Sellards first published his findings in 1916. He invited other scientists to visit the Vero site in order to investigate it themselves in October 1916 and in March 1917. Aleš Hrdlička, T. Wayland Vaughan, Oliver Perry Hay, George Grant MacCurdy, and Rollin Thomas Chamberlin visited and examined the site. Sellards and Hay concluded that the human bones dated from the Pleistocene. Hrdlička, MacCurdy, and Chamberlin argued that the human bones were much more recent, while Vaughan felt that more evidence was needed before making a decision. Hrdlička, the most prominent physical anthropologist in America at the time, was firmly convinced that humans had not arrived in America until well after the Pleistocene had ended.

Human bones, artifacts, and/or human-modified animal bones in a Pleistocene context now have been found elsewhere in Florida, including at the nearby Helen Blazes and Melbourne Bone Bed sites.

== Later discoveries ==
The human bones excavated by Sellards were passed around various institutions for study.
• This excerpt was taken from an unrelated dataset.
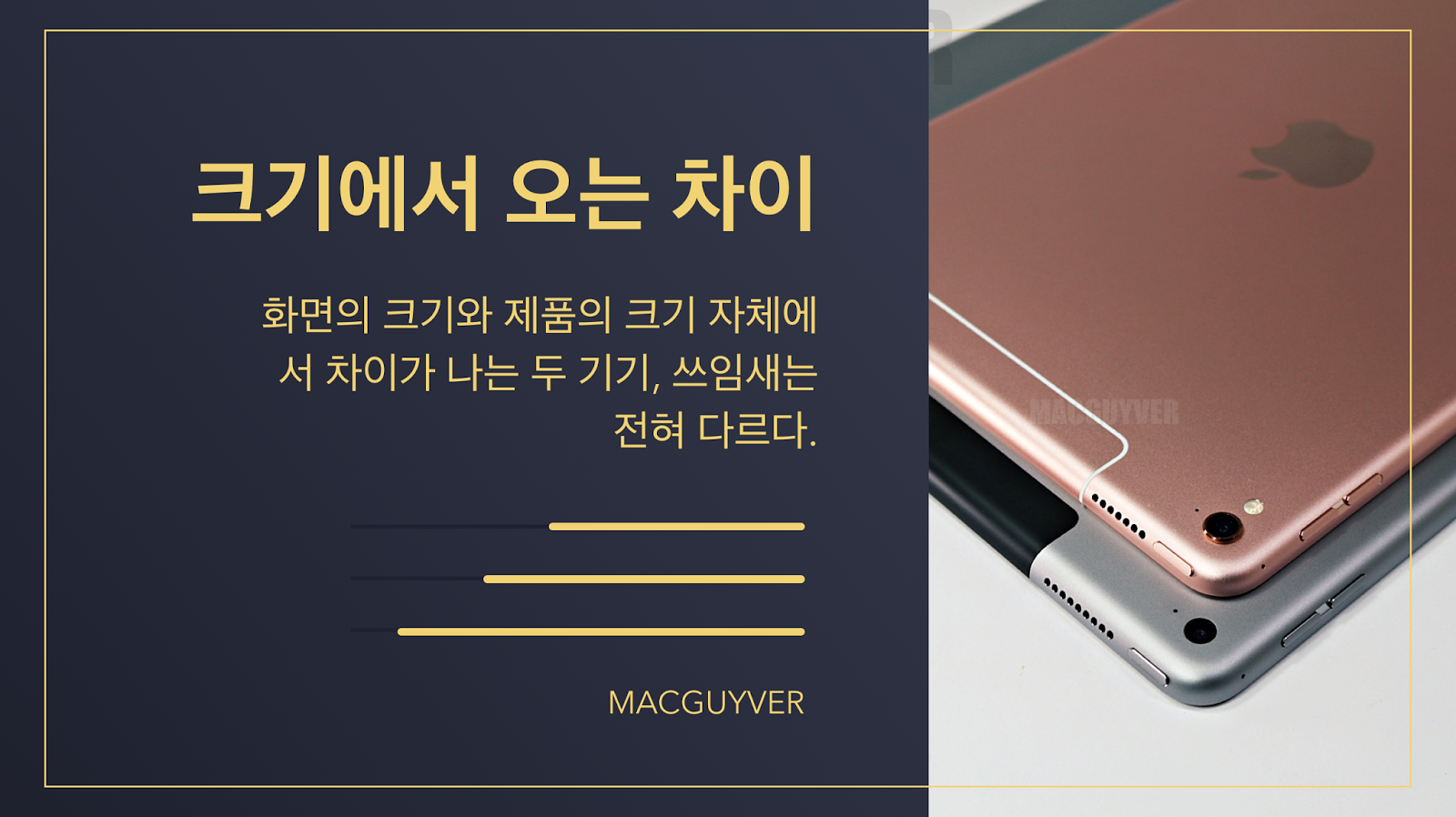 쓰임새가 전혀 다른 9.7형과 12.9형 아이패드 프로, 과연 올가을 7.9형 아이패드 프로가 등장하게 될지, 그것도 아니면 더욱 얇아지고 휴대성이 좋아진 아이패드 에어3가 등장하게 될지 지켜봐야겠다. - MACGUYVER.

By the time carbon-14 dating of fossils became possible, about 35 years after the discovery of Vero Man, some of the bones had been lost, and others had been rendered unusable for such testing due to the way they had been preserved with chemicals.

In 2009, scientists announced the discovery of a carving of a mammoth or mastodon or—although not considered so likely—a giant sloth, on a piece of bone found north of Vero Beach (the general area in which Vero Man was found). The carving may be among the oldest art found in the Americas. Scientists studying the carving noted similarities with Pleistocene art in Europe. Art historian Barbara Olins Alpert has noted that similarity does not prove connection, as finely executed realistic art styles have appeared in various times and places.
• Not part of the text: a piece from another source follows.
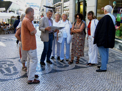 Dr. Peter Koj führt seine Gruppe durch die Baixa
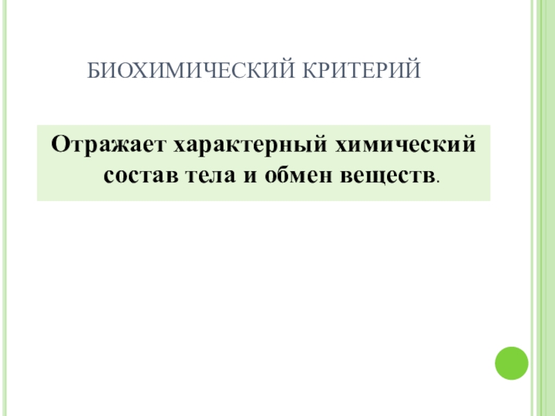 Слайд 22БИОХИМИЧЕСКИЙ КРИТЕРИЙ

In 2014, new excavations at the site of the discovery of Vero Man were undertaken by Mercyhurst University and the Old Vero Ice Age Sites Committee, a local nonprofit organization. The Old Vero Ice Age Sites Committee announced the discovery of a possible "human living surface" at least 12,000 years old during the 2014 excavation season. Excavations continued into 2015 at the site, with finds including 14,000 year-old charred bones from both a dire wolf and a horse, possibly from a hearth. The archaeologists from Mercyhurst University withdrew from excavations at the Old Vero Man site in Vero Beach after 2015. Starting in 2016, archaeologists from Florida Atlantic University joined the Old Vero Man site excavations.